What Is a Memorandum of Association?
The Memorandum of Association is the external constitution of a company registered under the Companies and Other Business Entities Act [Chapter 24:31]. It defines the relationship between the company and the outside world — setting out what the company is called, what it can do, and how its capital is structured.
Together with the Articles of Association, the Memorandum forms the company’s constitutional documents. While the Articles deal with internal governance, the Memorandum addresses the company’s external identity and powers.
Mandatory Clauses
Every Memorandum of Association must contain the following clauses:
1. Name Clause
States the full legal name of the company as approved in the name search. For a Pvt Ltd, the name must end with “(Private) Limited”. For a PLC, it must end with “Limited”.
2. Objects Clause
Defines the scope of the company’s business activities. This is one of the most important clauses because it determines what the company can legally do. Common approaches include:
- Specific objects: Listing particular activities (e.g., “to carry on the business of software development”)
- General commercial objects: A broad clause allowing the company to engage in any lawful commercial activity
- Combined approach: Specific primary objects with a general clause covering ancillary activities
3. Liability Clause
States that the liability of members is limited to the amount unpaid on their shares. This is the clause that provides limited liability protection — the core benefit of incorporating.
4. Capital Clause
Specifies the authorised share capital of the company — the maximum number and value of shares the company can issue. For example:
“The authorised share capital of the Company is $1,000 divided into 1,000 ordinary shares of $1.00 each.”
There is no statutory minimum share capital for Pvt Ltd companies. Common structures include 100 shares of $1.00 each or 1,000 shares of $1.00 each.
5. Association Clause
This is where the subscribers (founding shareholders) state their desire to form a company and agree to take the shares set out against their names. Each subscriber must sign the Memorandum and state the number of shares they are taking.
Minimum subscribers: 2 for a Pvt Ltd, 7 for a PLC.
Sample Memorandum Structure
| Clause | Content |
|---|---|
| 1. Name | “The name of the Company is [Name] (Private) Limited.” |
| 2. Objects | “The objects for which the Company is established are: (a) To carry on the business of [specific activity]; (b) To carry on any other lawful business...” |
| 3. Liability | “The liability of the members is limited to the amount, if any, unpaid on the shares held by them.” |
| 4. Capital | “The authorised share capital is $[amount] divided into [number] ordinary shares of $[value] each.” |
| 5. Association | “We, the several persons whose names, addresses and descriptions are subscribed, wish to be formed into a company...” [followed by subscriber table] |
Signing and Witnessing
The Memorandum must be:
- Signed by each subscriber (founding shareholder) next to their name and share allocation
- Witnessed by a person who is not a subscriber (usually a Commissioner of Oaths)
- Dated
Each subscriber must sign in the presence of the witness, who then signs and adds their details.
Amending the Memorandum
After registration, the Memorandum can be amended by passing a special resolution (requiring at least a 75% majority of shareholders). Common amendments include:
- Change of name: Requires name search approval and filing with the Registrar (fee included in our service)
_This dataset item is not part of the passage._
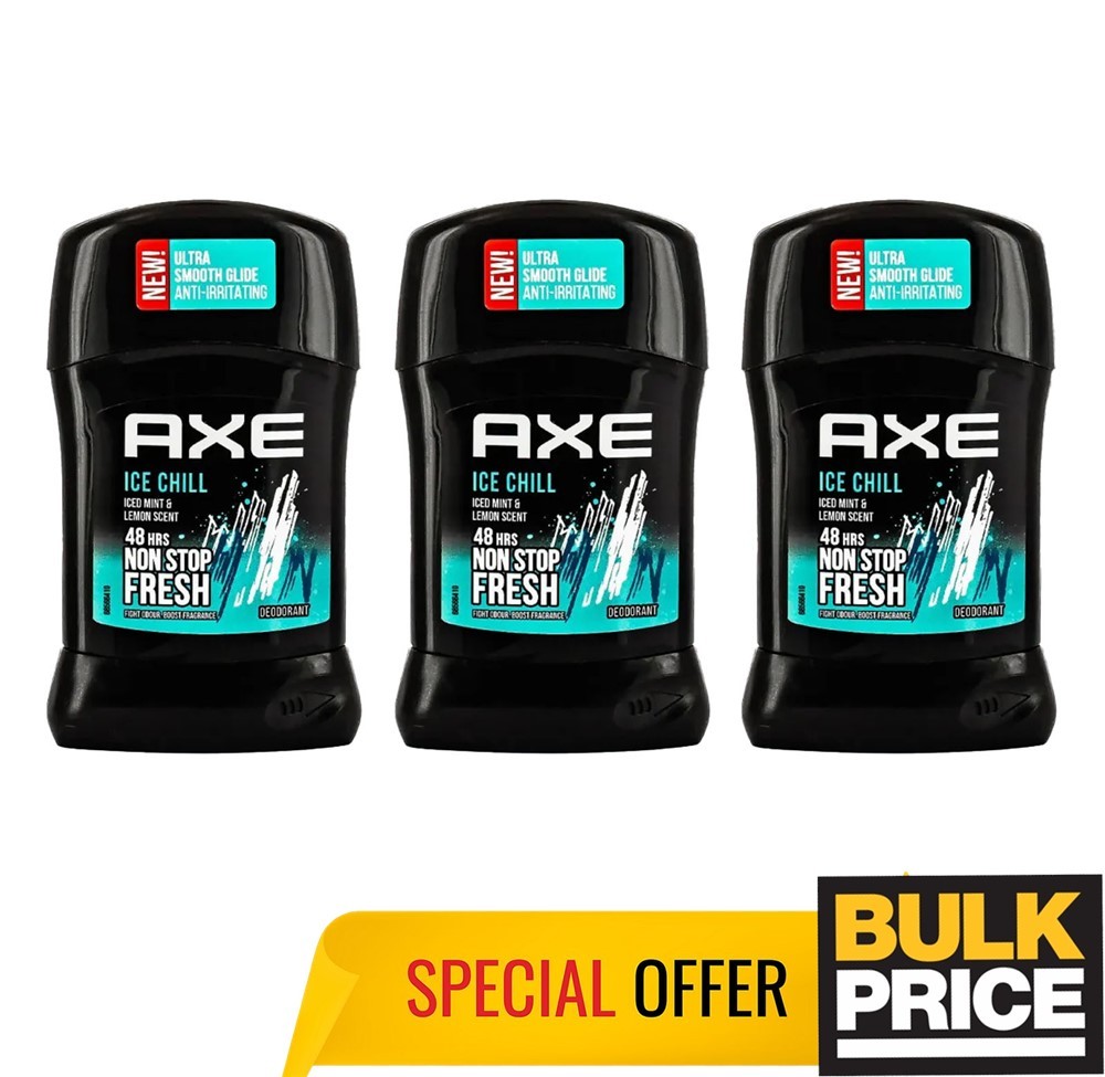 Axe Ice Chill Stick Deodorant 48H Freshness Sweat Odor Protect Mint Lemon 3-Pack

- Change of objects: Filed with the Registrar; may be challenged by minority shareholders
- Increase in share capital: Filed with the Registrar (fee included in our service)
- Conversion from Pvt Ltd to PLC: Requires full re-drafting and additional compliance
Need a Memorandum Drafted?
We prepare professionally drafted Memoranda of Association tailored to your business.
Start Registration WhatsApp UsFrequently Asked Questions
What is a Memorandum of Association in Zimbabwe?
What must a Memorandum contain?
It must contain: the name clause, objects clause (business activities), liability clause (limited liability statement), capital clause (authorised share capital), and association clause (subscribers’ signatures and share allocations).
Can I change the Memorandum after registration?
Yes. The Memorandum can be amended by passing a special resolution (75% majority of shareholders). Certain changes must also be filed with the Companies Registry.
Do I need a lawyer to draft the Memorandum?
While not legally required, professional drafting is strongly recommended. Errors in the Memorandum can result in registration rejection, or create legal issues later. Many registration agents include Memorandum drafting in their service package.